__Work instruction__.
Output exactly the lines of the listing below that run from the line with "The Lisette Ruffle" through the line with "Members of team". No pictures.

__Dataset extract__.

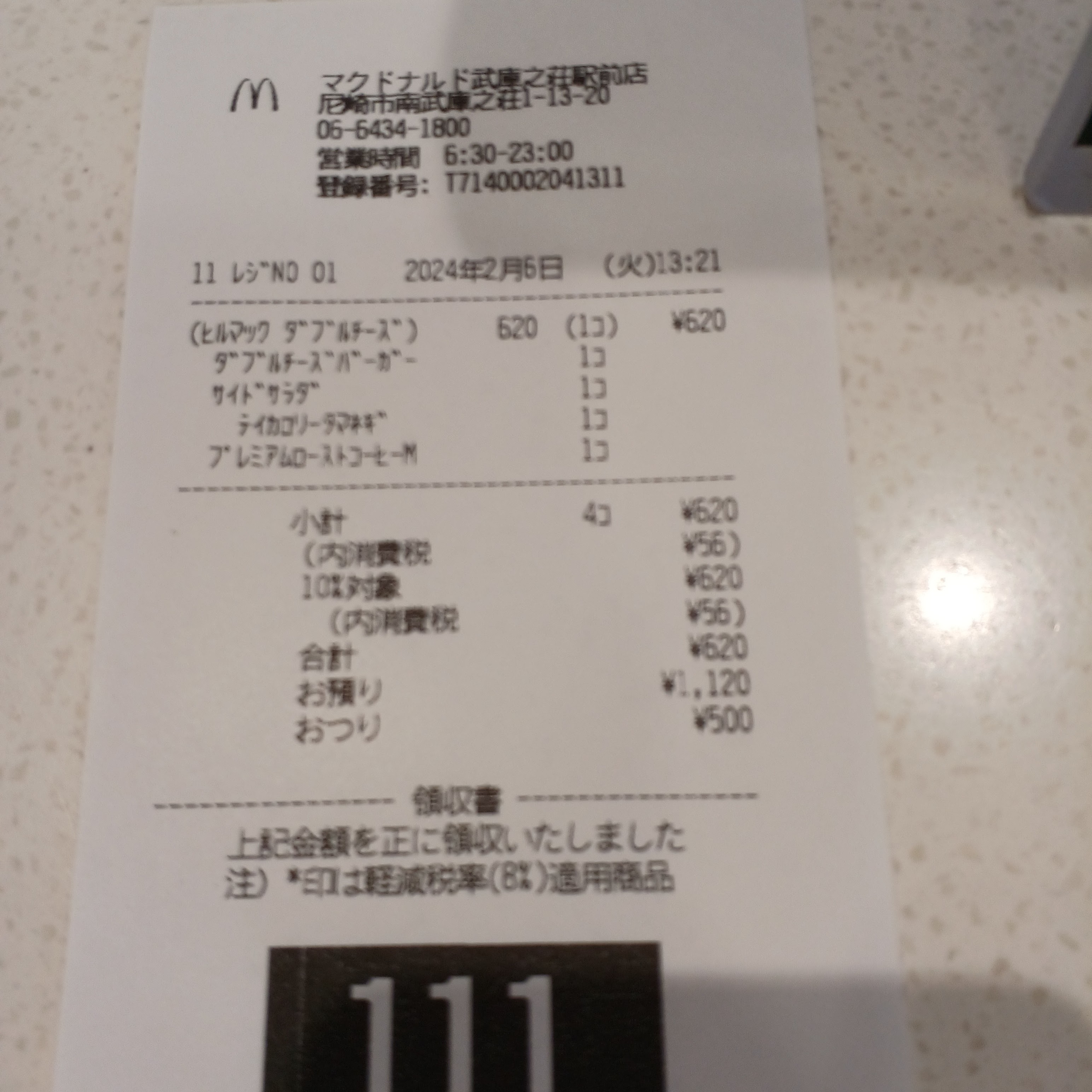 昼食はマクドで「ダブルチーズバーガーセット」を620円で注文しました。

* * *

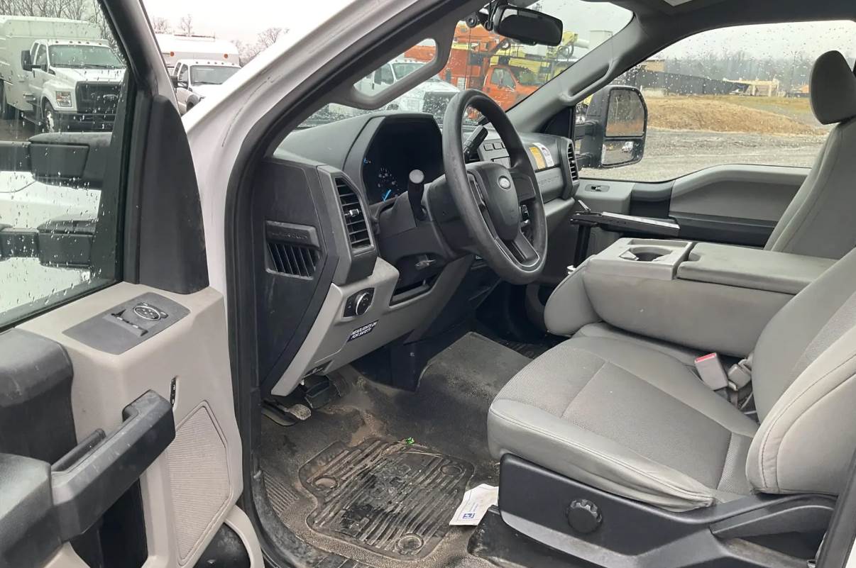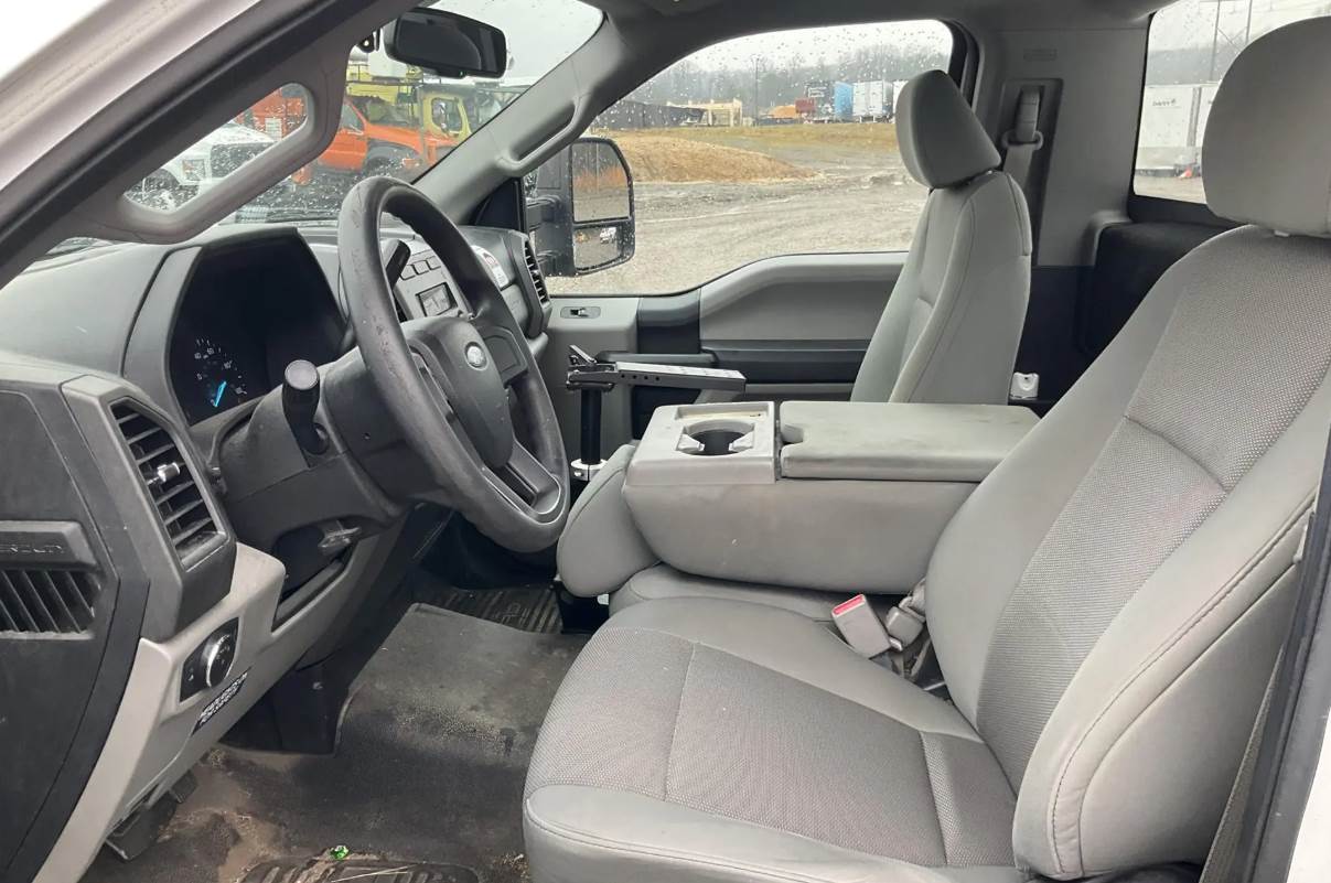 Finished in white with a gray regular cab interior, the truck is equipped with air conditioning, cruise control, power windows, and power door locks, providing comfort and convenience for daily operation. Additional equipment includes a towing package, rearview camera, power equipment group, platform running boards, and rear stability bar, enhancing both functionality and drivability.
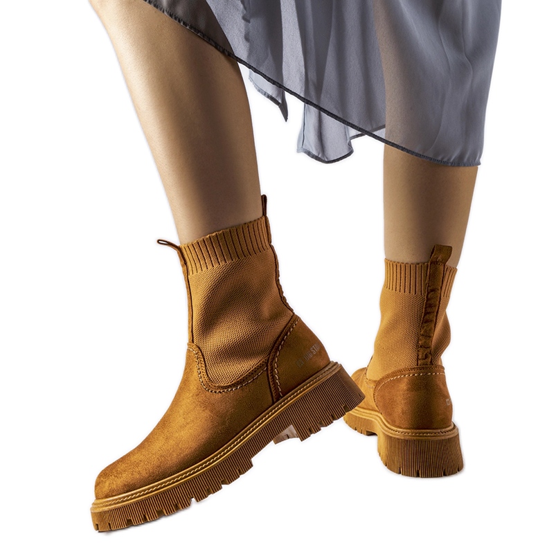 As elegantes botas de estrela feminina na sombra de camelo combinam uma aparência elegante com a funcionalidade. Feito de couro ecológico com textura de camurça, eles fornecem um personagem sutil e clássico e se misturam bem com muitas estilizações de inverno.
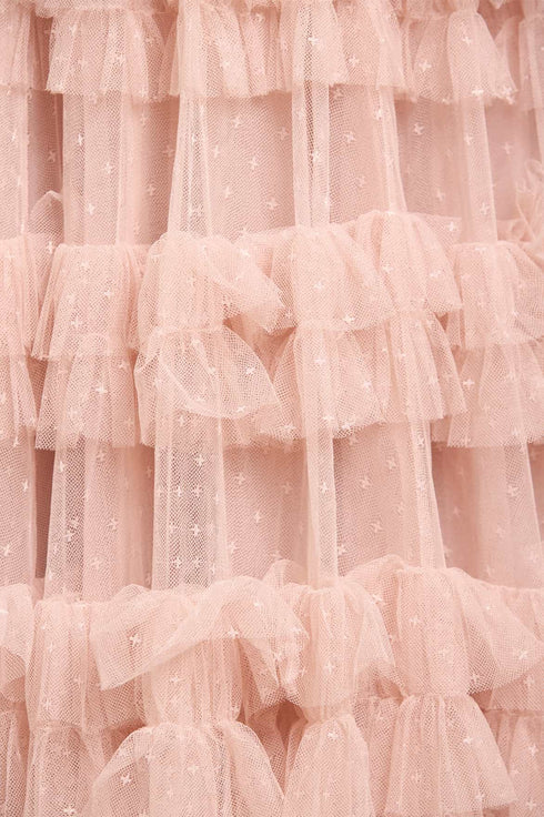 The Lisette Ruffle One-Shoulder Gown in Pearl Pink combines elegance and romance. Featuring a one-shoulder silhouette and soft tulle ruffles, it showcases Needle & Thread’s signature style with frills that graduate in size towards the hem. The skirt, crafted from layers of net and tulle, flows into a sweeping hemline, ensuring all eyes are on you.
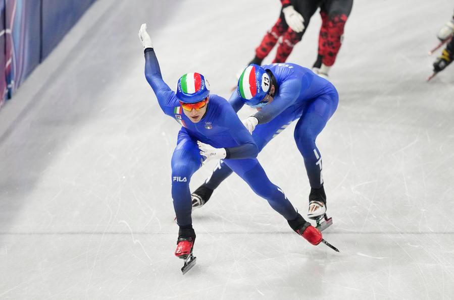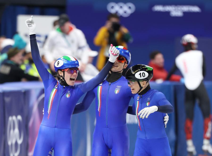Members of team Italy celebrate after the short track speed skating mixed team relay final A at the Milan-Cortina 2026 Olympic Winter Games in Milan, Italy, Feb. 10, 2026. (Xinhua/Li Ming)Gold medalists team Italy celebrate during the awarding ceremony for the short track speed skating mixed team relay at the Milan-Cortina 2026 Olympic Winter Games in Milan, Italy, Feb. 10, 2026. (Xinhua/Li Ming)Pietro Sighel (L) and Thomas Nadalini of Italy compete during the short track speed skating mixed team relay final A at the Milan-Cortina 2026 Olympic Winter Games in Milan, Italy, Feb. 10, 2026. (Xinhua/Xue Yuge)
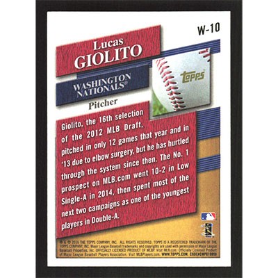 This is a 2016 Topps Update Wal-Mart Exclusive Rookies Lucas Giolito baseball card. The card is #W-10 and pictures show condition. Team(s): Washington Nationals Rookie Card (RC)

==

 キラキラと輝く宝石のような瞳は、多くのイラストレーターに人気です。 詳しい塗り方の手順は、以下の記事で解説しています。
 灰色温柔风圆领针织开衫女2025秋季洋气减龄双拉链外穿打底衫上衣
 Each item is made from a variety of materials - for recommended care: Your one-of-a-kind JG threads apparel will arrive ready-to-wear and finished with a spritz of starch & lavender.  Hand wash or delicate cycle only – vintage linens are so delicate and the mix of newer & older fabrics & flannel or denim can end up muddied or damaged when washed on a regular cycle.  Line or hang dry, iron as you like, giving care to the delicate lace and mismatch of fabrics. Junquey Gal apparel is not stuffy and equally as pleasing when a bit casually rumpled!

__Exercise output__.
 The Lisette Ruffle One-Shoulder Gown in Pearl Pink combines elegance and romance. Featuring a one-shoulder silhouette and soft tulle ruffles, it showcases Needle & Thread’s signature style with frills that graduate in size towards the hem. The skirt, crafted from layers of net and tulle, flows into a sweeping hemline, ensuring all eyes are on you.
Members of team Italy celebrate after the short track speed skating mixed team relay final A at the Milan-Cortina 2026 Olympic Winter Games in Milan, Italy, Feb. 10, 2026. (Xinhua/Li Ming)Gold medalists team Italy celebrate during the awarding ceremony for the short track speed skating mixed team relay at the Milan-Cortina 2026 Olympic Winter Games in Milan, Italy, Feb. 10, 2026. (Xinhua/Li Ming)Pietro Sighel (L) and Thomas Nadalini of Italy compete during the short track speed skating mixed team relay final A at the Milan-Cortina 2026 Olympic Winter Games in Milan, Italy, Feb. 10, 2026. (Xinhua/Xue Yuge)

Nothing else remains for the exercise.